WORK REQUEST:
Omit the pictures and print exactly the lines of the listing below, starting at the first and ending at the line containing "Rám postele hnědý".

GIVEN INFORMATION:
---------------
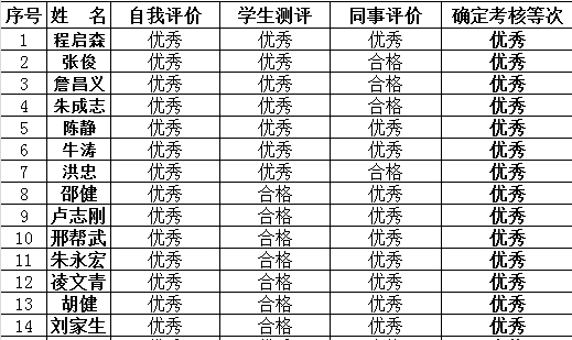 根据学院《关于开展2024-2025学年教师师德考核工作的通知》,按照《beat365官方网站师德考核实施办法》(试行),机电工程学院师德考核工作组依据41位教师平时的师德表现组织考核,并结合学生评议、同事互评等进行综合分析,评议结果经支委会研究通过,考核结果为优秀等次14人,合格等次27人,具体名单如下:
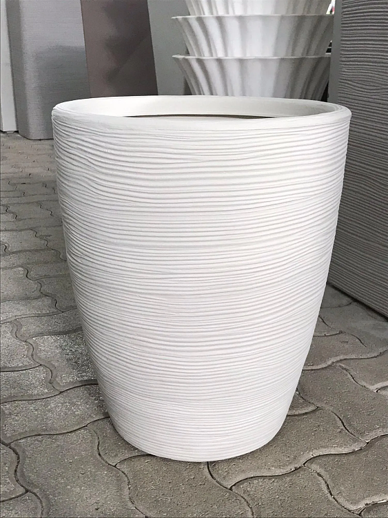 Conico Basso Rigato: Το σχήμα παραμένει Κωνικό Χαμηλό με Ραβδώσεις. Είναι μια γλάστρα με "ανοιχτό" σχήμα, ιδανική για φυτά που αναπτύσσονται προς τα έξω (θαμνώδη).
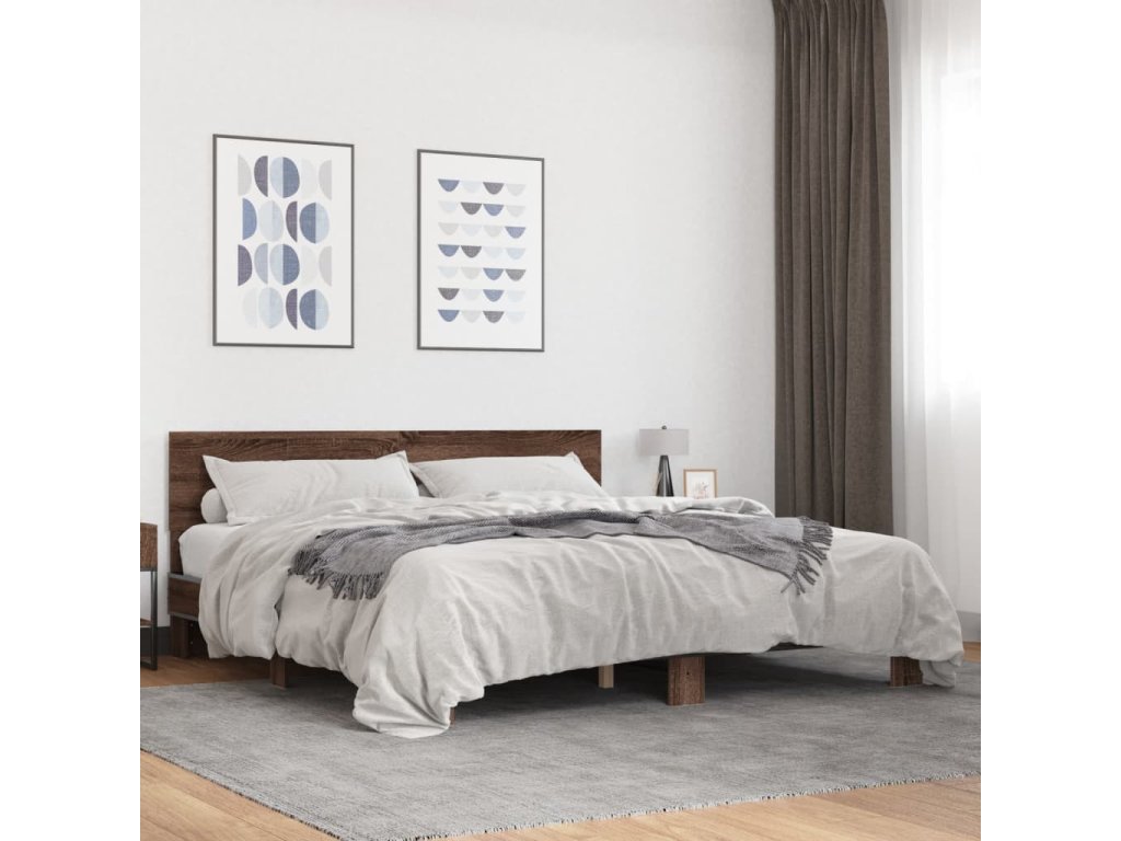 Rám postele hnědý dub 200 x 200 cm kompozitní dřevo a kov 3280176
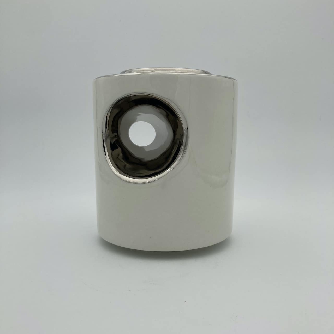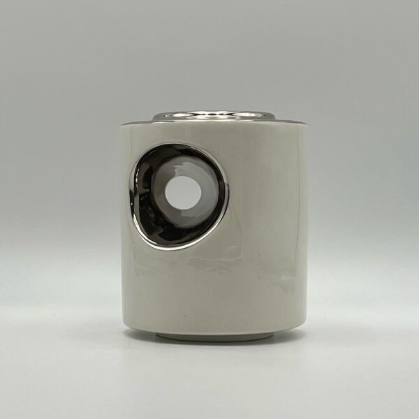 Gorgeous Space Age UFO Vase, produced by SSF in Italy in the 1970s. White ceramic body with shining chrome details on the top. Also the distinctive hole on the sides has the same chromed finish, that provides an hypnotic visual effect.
---------------
ANSWER AREA:
 根据学院《关于开展2024-2025学年教师师德考核工作的通知》,按照《beat365官方网站师德考核实施办法》(试行),机电工程学院师德考核工作组依据41位教师平时的师德表现组织考核,并结合学生评议、同事互评等进行综合分析,评议结果经支委会研究通过,考核结果为优秀等次14人,合格等次27人,具体名单如下:
 Conico Basso Rigato: Το σχήμα παραμένει Κωνικό Χαμηλό με Ραβδώσεις. Είναι μια γλάστρα με "ανοιχτό" σχήμα, ιδανική για φυτά που αναπτύσσονται προς τα έξω (θαμνώδη).
 Rám postele hnědý dub 200 x 200 cm kompozitní dřevo a kov 3280176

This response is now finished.